Hey there, time traveller!
This article was published 29/1/2013 (1308 days ago), so information in it may no longer be current.
After a tour of the facilities at Marymound, fund development manager Mardy Yager hands a visitor a "Thank you" card that sits on a corner of his desk in his cramped main floor office.
The card was given to Yager by a young woman named Michelle, a former client at the facility, which is located in a historic building at 442 Scotia St.
"Thank you for never giving up on me, and all the chances you gave me to get myself back together and back up on my feet," reads the card’s handwritten inscription.
"I now have hope for myself that I will make it out there in the world."
Michelle is another one of Marymound’s success stories.
Marymound’s primary mission is with children, youth and families who need support as they face the challenges of growing, learning and parenting, says Yager.
"Through culturally diverse care in safe living environments, individual relationships, academic preparation, therapeutic intervention and advocacy, Marymound supports Manitoba children and their families to reach their fullest potential and independence," notes the organization’s mission statement.
It all began back in April 1911 when five Sisters of the Good Shepherd come from Montreal to Winnipeg at request of Judge Daly of the Juvenile Court, according to Marymound’s official history.
The sisters initally settled at 373 William Ave. and began to work with women and girls.
A few months later, needing larger quarters, they moved to the old Leacock Estate at the current site in West Kildonan.
In 1950, a school program recognized by the Department of Education was organized.
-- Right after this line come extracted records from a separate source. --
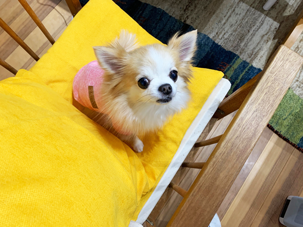 私専用の椅子のクッションを黄色にしてみたら、、、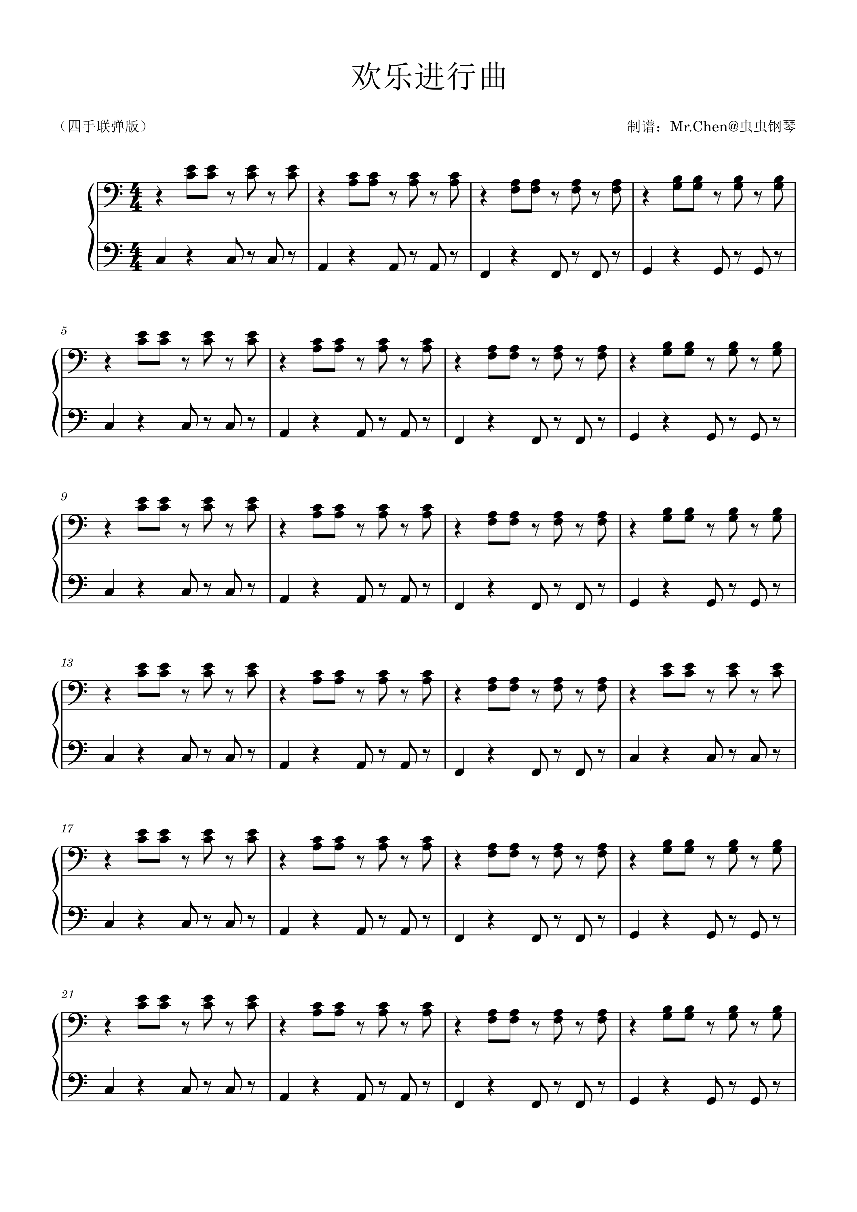 • 欢乐进行曲钢琴简谱 C调 数字双手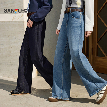 三福牛仔长裤女2026新款春季宽松阔腿裤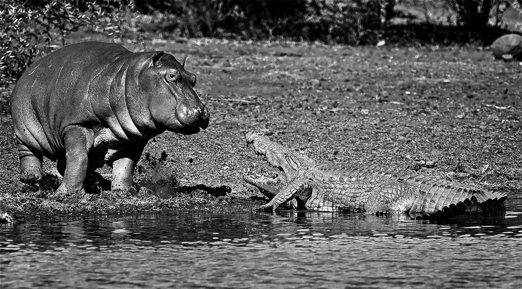 The shades of yellow, green and brown that predominate in this image are so very similar that I wanted to see how it would do as a B/W. Here it is in Silver Efex Pro with cropping, a green filter, extra contrast and vignettes added to emphasize the croc and darken the water.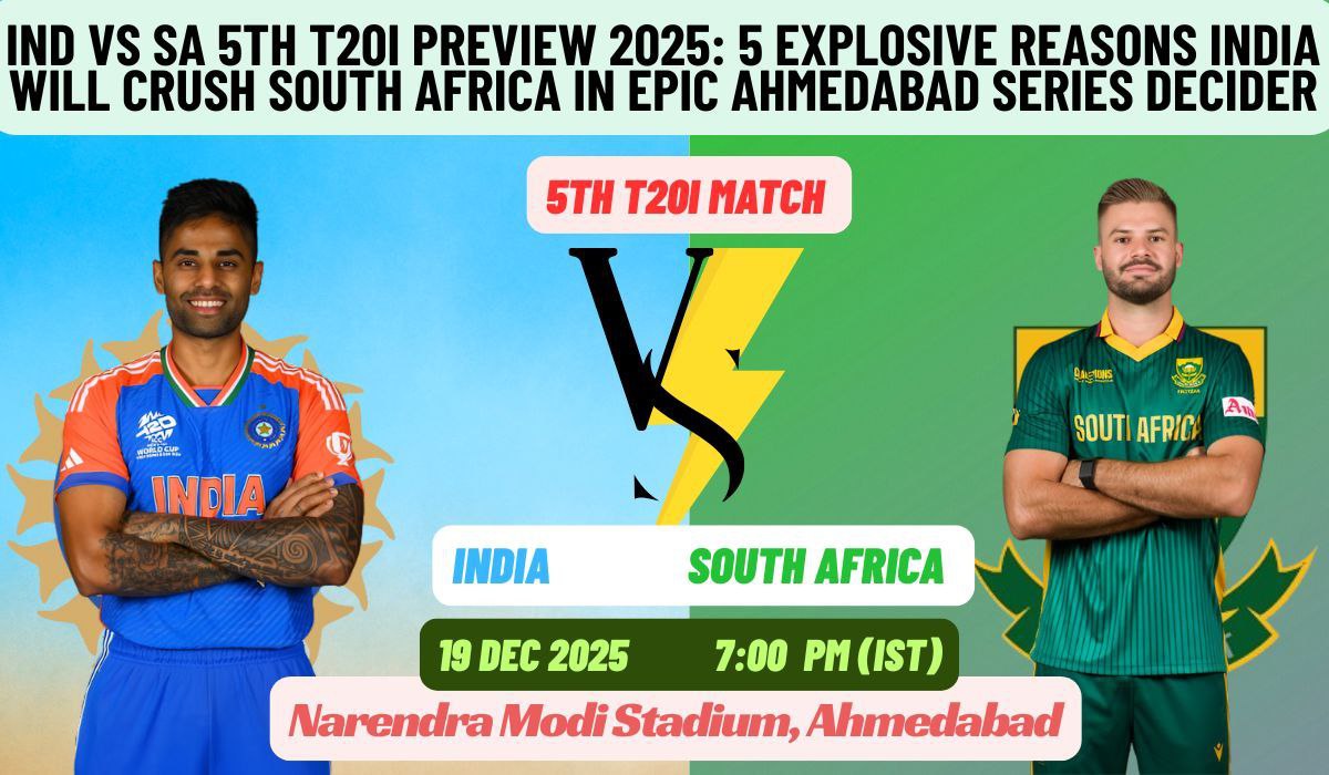 The IND vs SA 5th T20I preview is here, and cricket fans are buzzing with excitement! Tomorrow, on December 19, 2025, India takes on South Africa in the ultimate series decider at the massive Narendra Modi Stadium in Ahmedabad. With the series hanging at 2-1 in India’s favor after the rain-abandoned 4th T20I, this match promises non-stop action, big hits, and nail-biting moments.

The academic program, along with a rehabilitation program for girls sent to facility from the law courts, became known as Marymound School.
"We have a culture, based upon the sisters’ values, that believes supporting children in care means ensuring they are given access to all the opportunities available to children in our society, from schooling to extracurricular activities," Yager says.
"When the child welfare system does not provide these opportunities we will provide them ourselves."
He emphasizes that Marymound’s managed care program aims to meet the physical, emotional, spiritual, and social needs of young people.
"A number of living arrangements fall within Marymound’s continuum of care — group homes, secure units, foster care and independent living," explains Yager, who points out that the managed care program provides 24-hour care to approximately 300 young people at risk in the community each year.
Marymound has also two secure living units on its premises in Winnipeg, each providing a home-like, nurturing environment for up to eight girls.
"A young person who behaves in a manner that puts herself at risk can benefit from the structured program, with an emphasis on promoting healthy, age-appropriate activities and interaction," Yager emphasizes.
He adds that the setting of each unit is modern, well-equipped and homey, yet still provides a therapeutic milieu that includes counselling, support and psychiatric consultation.
"Our staff provides extensive evening recreation programming, including community activities as treatment progresses — and all young people residing in Marymound secure units attend Marymound School," Yager says.